#### [Prompt]
Retype the data exactly, from its first line to the line containing "活動(dòng)現(xiàn)場(chǎng),既有感受", including both, and skip any picture.

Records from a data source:

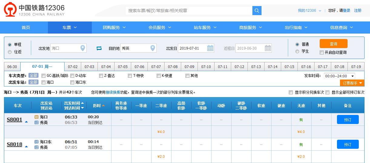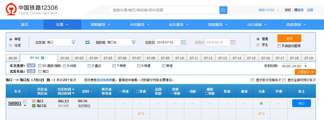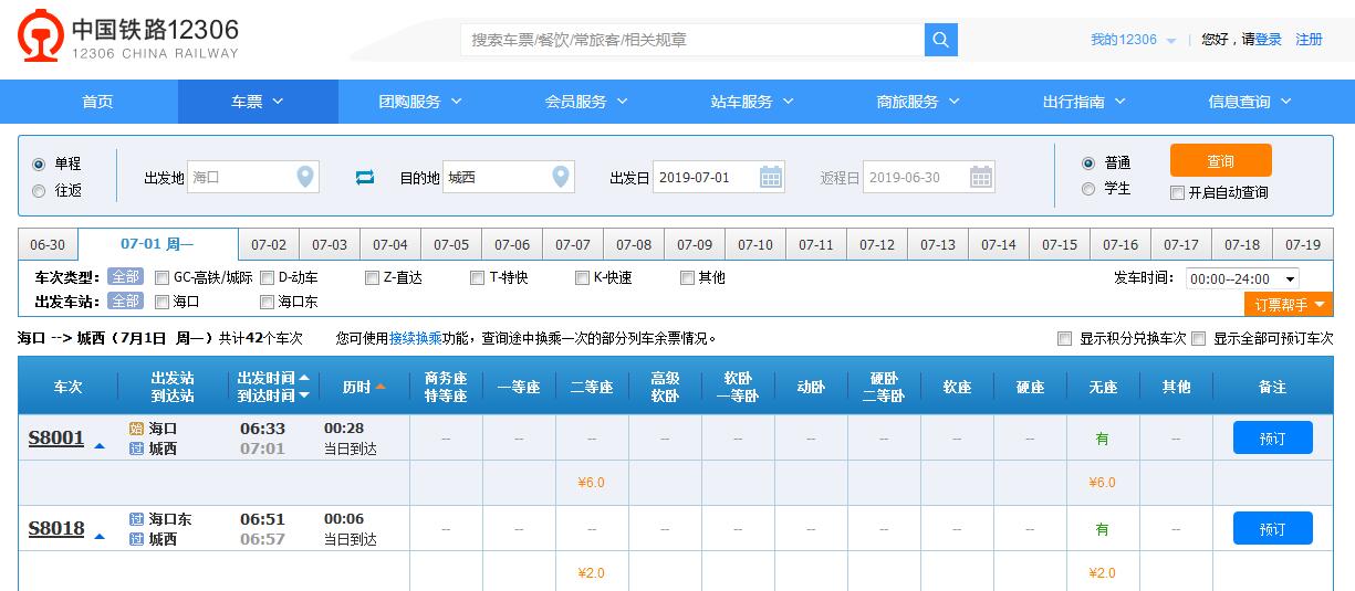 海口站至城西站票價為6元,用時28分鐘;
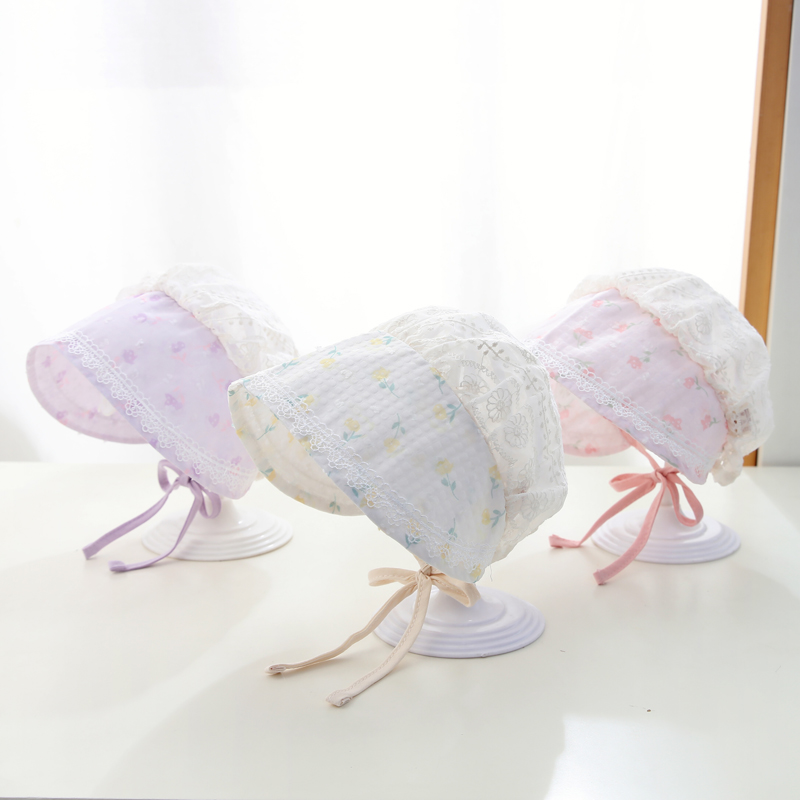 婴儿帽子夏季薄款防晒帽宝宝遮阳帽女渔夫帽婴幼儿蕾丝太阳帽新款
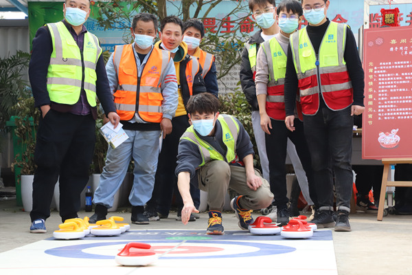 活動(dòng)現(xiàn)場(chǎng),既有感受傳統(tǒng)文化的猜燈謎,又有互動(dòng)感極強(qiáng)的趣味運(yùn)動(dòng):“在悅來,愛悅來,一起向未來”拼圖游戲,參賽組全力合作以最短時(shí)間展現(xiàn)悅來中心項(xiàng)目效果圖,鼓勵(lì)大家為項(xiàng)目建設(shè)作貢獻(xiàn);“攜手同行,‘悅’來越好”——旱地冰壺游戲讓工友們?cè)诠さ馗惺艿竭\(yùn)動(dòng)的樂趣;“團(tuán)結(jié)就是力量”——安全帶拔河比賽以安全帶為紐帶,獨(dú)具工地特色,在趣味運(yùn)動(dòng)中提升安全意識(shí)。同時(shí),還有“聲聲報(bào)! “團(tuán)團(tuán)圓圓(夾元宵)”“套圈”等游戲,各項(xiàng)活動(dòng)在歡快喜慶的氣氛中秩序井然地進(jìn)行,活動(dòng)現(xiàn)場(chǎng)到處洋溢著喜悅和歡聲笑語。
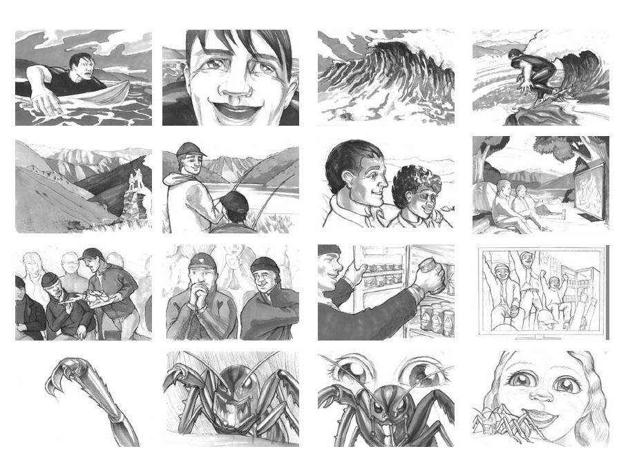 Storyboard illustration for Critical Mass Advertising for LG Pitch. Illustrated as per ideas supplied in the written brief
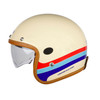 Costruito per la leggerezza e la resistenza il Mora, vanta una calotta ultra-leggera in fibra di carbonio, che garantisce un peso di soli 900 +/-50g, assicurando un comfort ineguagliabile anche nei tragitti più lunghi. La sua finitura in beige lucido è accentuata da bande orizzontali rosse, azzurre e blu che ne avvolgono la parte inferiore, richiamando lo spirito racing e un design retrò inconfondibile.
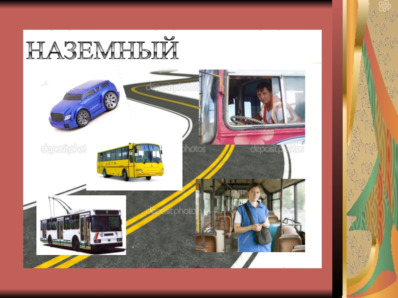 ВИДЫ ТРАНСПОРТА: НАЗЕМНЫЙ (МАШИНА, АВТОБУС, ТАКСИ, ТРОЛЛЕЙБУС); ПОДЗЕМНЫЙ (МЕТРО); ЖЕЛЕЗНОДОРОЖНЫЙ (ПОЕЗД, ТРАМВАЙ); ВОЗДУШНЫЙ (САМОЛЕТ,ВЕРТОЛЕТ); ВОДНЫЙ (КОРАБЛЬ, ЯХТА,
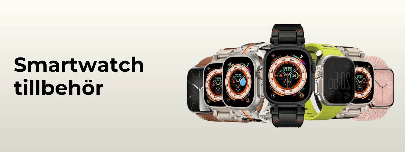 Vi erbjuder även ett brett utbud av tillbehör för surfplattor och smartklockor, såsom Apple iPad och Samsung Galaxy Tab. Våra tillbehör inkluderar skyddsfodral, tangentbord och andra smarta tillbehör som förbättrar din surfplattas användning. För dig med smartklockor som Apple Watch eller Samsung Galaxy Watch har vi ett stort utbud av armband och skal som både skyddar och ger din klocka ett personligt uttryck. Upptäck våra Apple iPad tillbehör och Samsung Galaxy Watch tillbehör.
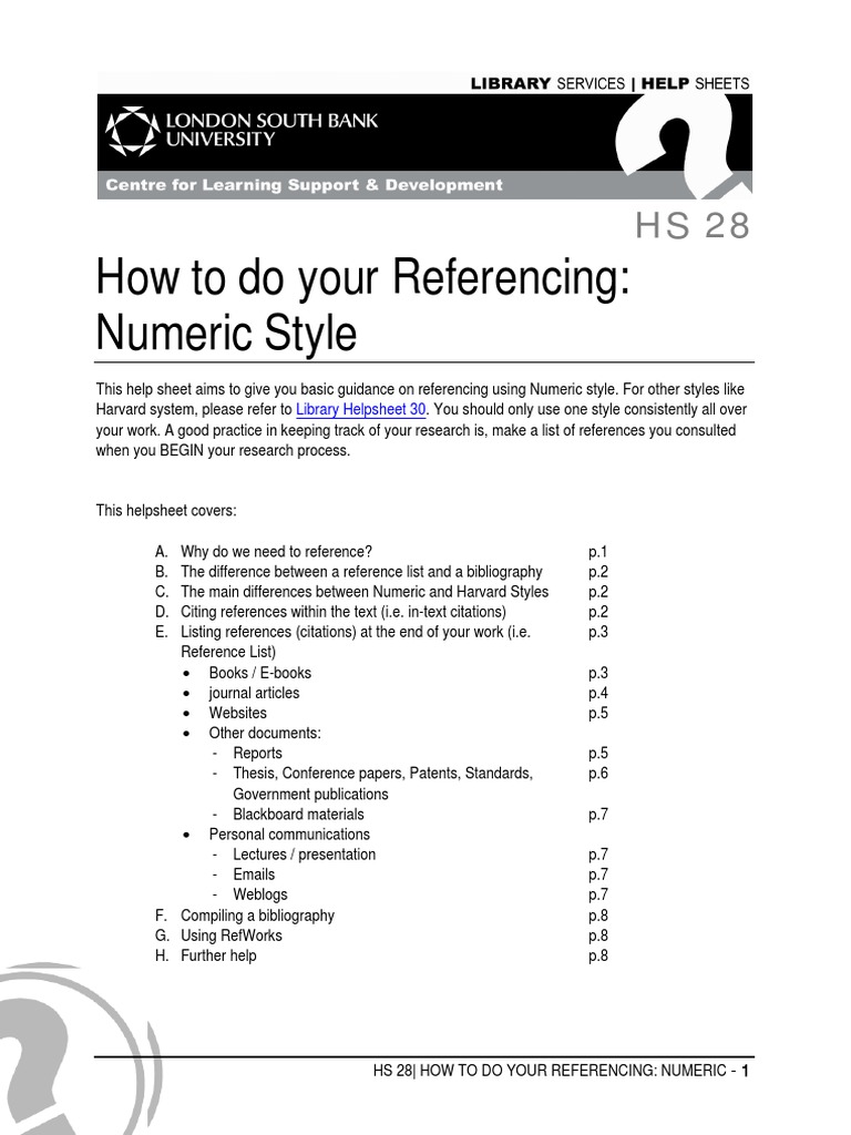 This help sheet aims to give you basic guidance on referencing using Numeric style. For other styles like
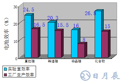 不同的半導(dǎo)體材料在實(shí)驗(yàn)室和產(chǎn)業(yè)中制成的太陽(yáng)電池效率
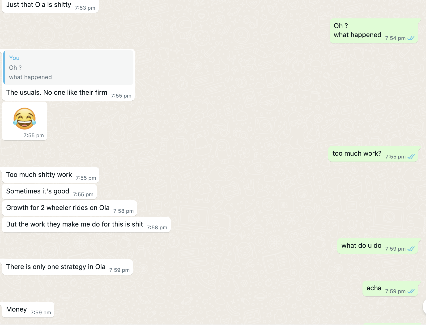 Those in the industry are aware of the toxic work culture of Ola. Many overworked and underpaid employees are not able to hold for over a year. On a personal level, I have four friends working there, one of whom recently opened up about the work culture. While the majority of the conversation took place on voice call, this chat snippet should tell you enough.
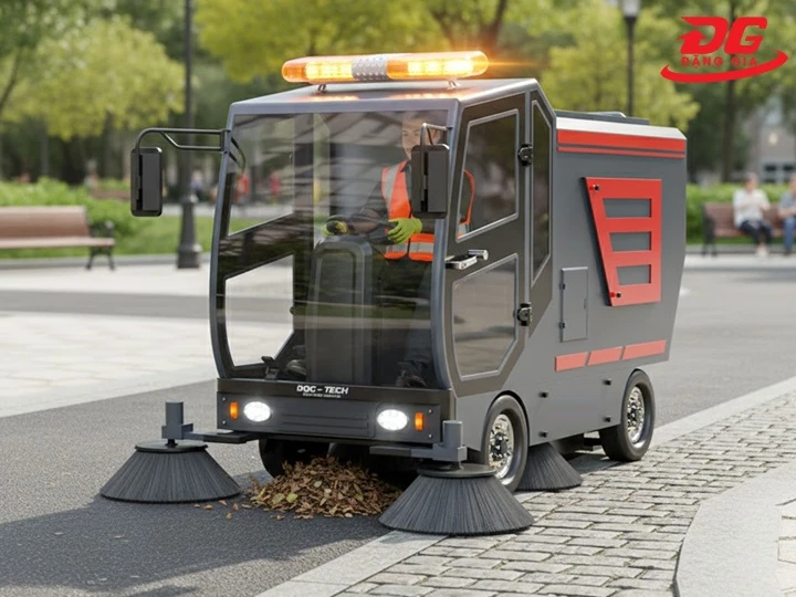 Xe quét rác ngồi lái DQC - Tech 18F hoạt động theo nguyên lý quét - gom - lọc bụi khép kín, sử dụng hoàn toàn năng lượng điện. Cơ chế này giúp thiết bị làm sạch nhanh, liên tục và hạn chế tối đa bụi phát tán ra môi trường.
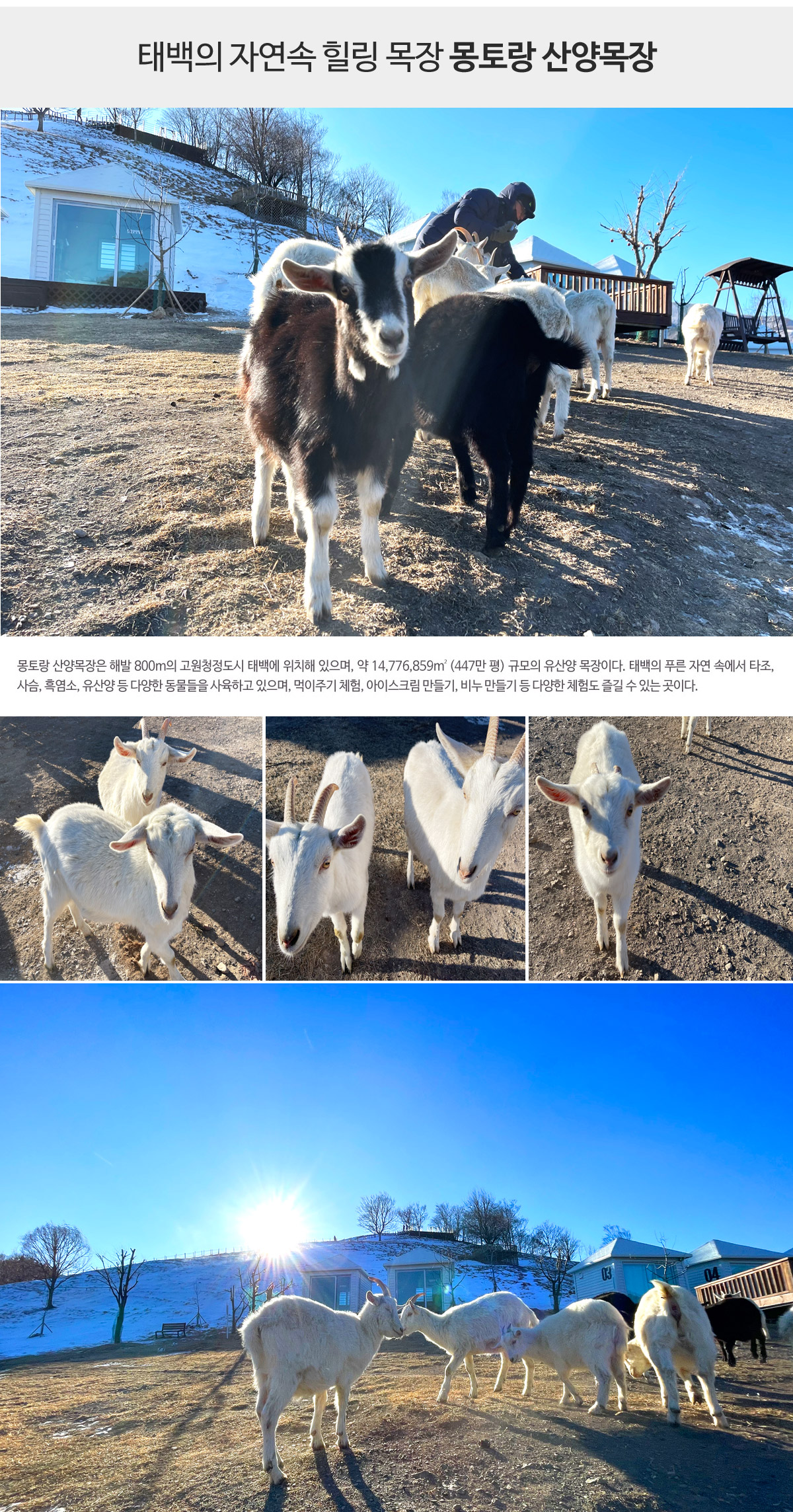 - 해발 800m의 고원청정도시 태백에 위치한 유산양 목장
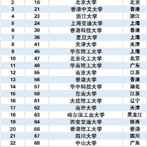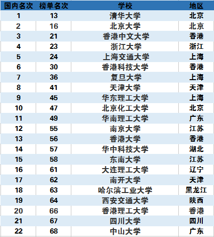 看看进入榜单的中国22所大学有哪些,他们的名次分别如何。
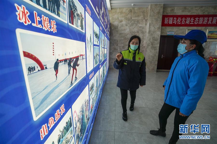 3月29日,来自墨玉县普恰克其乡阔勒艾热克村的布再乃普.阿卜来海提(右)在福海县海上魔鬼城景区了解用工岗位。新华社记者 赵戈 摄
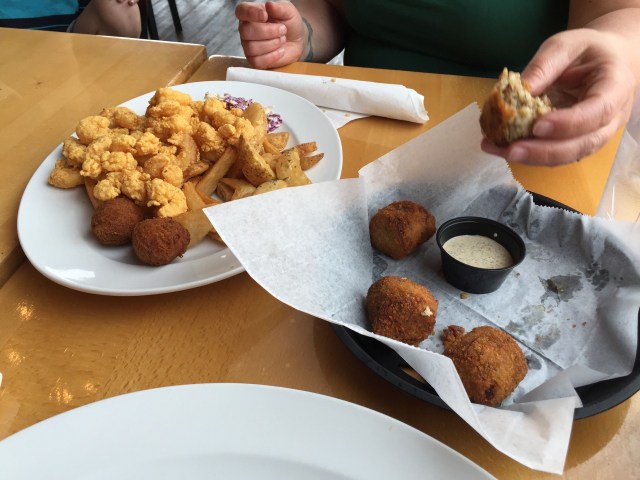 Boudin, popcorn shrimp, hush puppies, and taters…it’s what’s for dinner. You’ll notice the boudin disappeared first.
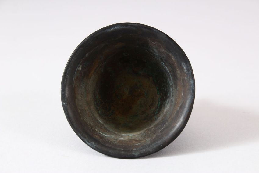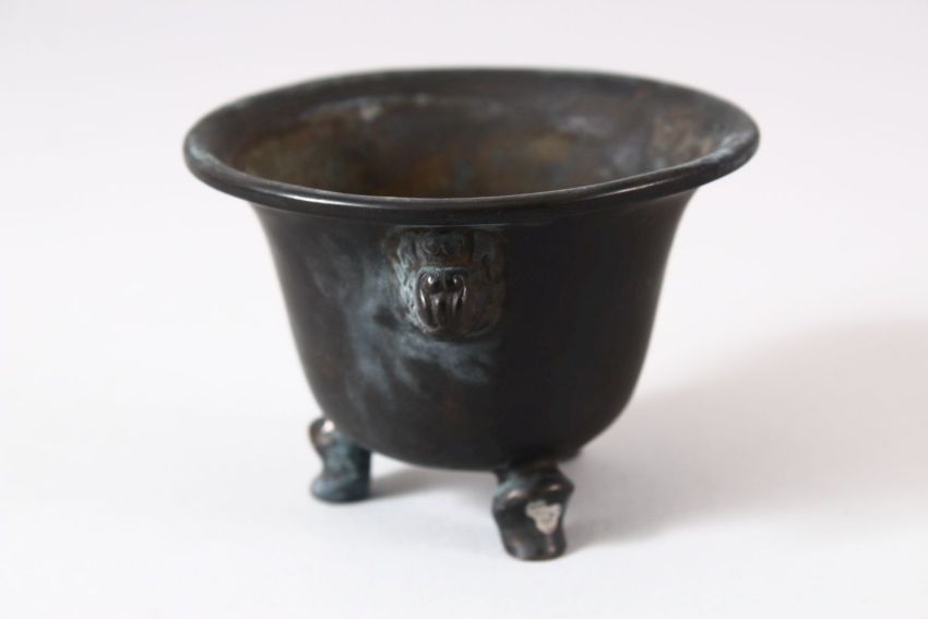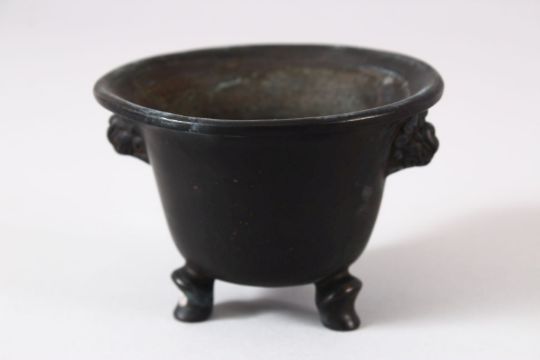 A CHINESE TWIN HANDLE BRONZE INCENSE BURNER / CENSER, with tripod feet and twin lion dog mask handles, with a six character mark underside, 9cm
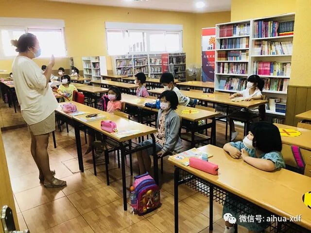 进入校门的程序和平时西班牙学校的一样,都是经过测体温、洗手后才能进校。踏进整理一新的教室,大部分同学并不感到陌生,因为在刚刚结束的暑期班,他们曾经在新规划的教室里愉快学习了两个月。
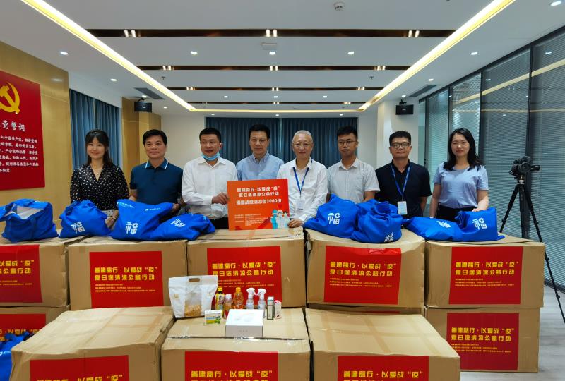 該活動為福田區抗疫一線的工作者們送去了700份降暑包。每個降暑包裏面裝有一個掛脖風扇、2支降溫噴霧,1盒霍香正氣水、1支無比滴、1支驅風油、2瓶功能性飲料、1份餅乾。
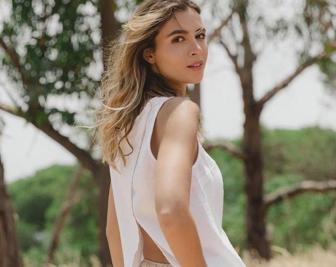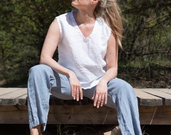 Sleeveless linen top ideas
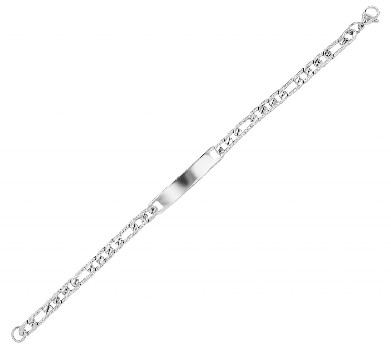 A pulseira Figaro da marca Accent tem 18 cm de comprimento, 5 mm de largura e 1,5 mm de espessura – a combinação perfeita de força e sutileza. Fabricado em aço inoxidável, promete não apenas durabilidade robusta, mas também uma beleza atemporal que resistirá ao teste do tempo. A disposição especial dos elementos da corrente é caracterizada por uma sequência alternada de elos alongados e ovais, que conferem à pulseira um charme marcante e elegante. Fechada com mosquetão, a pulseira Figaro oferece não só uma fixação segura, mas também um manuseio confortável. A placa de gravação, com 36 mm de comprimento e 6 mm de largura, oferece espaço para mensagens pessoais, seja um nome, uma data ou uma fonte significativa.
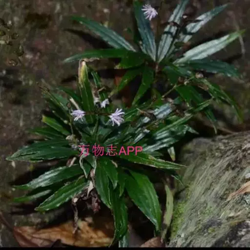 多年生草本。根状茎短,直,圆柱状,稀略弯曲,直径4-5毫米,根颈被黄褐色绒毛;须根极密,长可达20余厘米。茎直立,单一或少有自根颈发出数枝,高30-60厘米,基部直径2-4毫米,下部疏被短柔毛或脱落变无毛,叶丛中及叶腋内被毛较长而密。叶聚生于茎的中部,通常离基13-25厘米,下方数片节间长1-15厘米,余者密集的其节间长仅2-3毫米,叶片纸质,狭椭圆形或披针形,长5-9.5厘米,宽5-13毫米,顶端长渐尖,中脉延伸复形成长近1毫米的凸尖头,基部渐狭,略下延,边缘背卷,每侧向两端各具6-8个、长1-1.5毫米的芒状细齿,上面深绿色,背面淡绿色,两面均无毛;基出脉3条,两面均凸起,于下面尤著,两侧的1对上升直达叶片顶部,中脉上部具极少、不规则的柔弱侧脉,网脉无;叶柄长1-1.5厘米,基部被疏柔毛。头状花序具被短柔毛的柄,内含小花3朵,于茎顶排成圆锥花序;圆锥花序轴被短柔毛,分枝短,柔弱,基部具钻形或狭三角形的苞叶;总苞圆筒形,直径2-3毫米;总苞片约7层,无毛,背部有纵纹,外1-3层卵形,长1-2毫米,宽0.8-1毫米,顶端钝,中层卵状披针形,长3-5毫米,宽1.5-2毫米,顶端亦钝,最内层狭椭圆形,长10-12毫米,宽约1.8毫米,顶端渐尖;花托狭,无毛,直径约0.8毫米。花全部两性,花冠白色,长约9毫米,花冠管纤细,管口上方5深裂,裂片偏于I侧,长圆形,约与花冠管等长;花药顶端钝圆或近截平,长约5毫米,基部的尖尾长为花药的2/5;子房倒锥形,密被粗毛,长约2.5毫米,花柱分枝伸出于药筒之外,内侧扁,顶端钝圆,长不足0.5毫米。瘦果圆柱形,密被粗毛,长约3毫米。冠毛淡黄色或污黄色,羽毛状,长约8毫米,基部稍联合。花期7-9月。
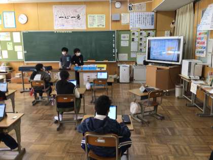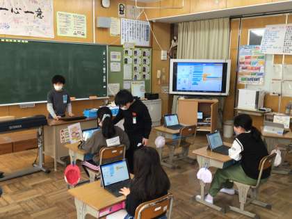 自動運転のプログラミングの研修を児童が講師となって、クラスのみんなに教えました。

#### [Solution to the problem]
 海口站至城西站票價為6元,用時28分鐘;
 婴儿帽子夏季薄款防晒帽宝宝遮阳帽女渔夫帽婴幼儿蕾丝太阳帽新款
 活動(dòng)現(xiàn)場(chǎng),既有感受傳統(tǒng)文化的猜燈謎,又有互動(dòng)感極強(qiáng)的趣味運(yùn)動(dòng):“在悅來,愛悅來,一起向未來”拼圖游戲,參賽組全力合作以最短時(shí)間展現(xiàn)悅來中心項(xiàng)目效果圖,鼓勵(lì)大家為項(xiàng)目建設(shè)作貢獻(xiàn);“攜手同行,‘悅’來越好”——旱地冰壺游戲讓工友們?cè)诠さ馗惺艿竭\(yùn)動(dòng)的樂趣;“團(tuán)結(jié)就是力量”——安全帶拔河比賽以安全帶為紐帶,獨(dú)具工地特色,在趣味運(yùn)動(dòng)中提升安全意識(shí)。同時(shí),還有“聲聲報(bào)! “團(tuán)團(tuán)圓圓(夾元宵)”“套圈”等游戲,各項(xiàng)活動(dòng)在歡快喜慶的氣氛中秩序井然地進(jìn)行,活動(dòng)現(xiàn)場(chǎng)到處洋溢著喜悅和歡聲笑語。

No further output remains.